Во всем доме оставались только Гюла и дети.
Мужчины дрались, а женщины жались к близким в это смутное время. Только старый глухой чабан Раю шатался по двору, это вносило некоторое успокоение. Его, казалось, никто и не замечал, но все-таки присутствие живого человека уменьшало страх и заставляло женщину верить, что она все еще хозяйка в этом доме.
Высокие сторожевые башни конака одиноко торчали в синем небе, широкие галлереи были пусты, а внизу, в большой комнате, сидела, съежившись, Гюла и вслушивалась в трескотню ружей. Трое детей как птенцы жались к ней, заразившись ее страхом.
— Мама, — плакал Сеинчо, прижимаясь к ней, — где папка? Отчего ты плачешь?
Мать плакала. Не о себе — о Мехмеде, об этих малых детях, словно она хоронила их, словно в ее женском предчувствии они уже были мертвы.
Снаружи послышался конский топот. Стукнула дверь, и вошел Мехмед Синап.
— Что это? Храни тебя аллах! Чего ты расплакалась?
— Мехмед! Мехмед! — кричала обезумевшая женщина. — Дети мои, Мехмед! Ничего не требую от тебя, только детей моих защити!
— Несчастная! — не выдержал Синап. — Разве только у тебя дети? Разве у тех людей нет жен, детей? Разве они хнычут, как ты? — И добавил: — Ничего страшного! Пройдет и эта беда...

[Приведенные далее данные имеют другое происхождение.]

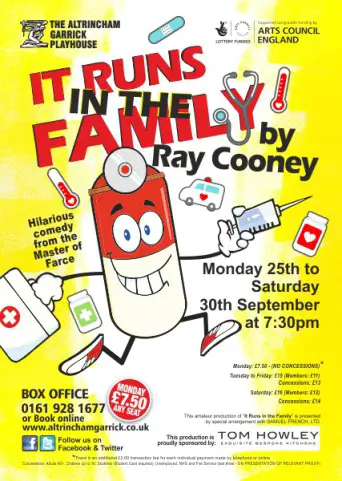 Hilarious comedy It Runs in the Family, from the master of farce Ray Cooney, is to open at the Altrincham Garrick next week.

Машинально Синап сел, целиком поглощенный мыслью о битве; его широкий лоб, покрытый прядями мокрых волос, прорезан морщинами, и от внимания Гюлы не ускользнула глубокая усталость, затаенная в глазах и во всех его движениях. У него был вид человека, готового защищаться до последней крайности, но в сердце которого уже закрадывается червь сомнения.
— Ничего страшного... Не бойся... Через день-два все кончится... Ты, Гюла, странная какая-то... Испугалась, словно ты жена не Синапа, а какого-нибудь цыгана!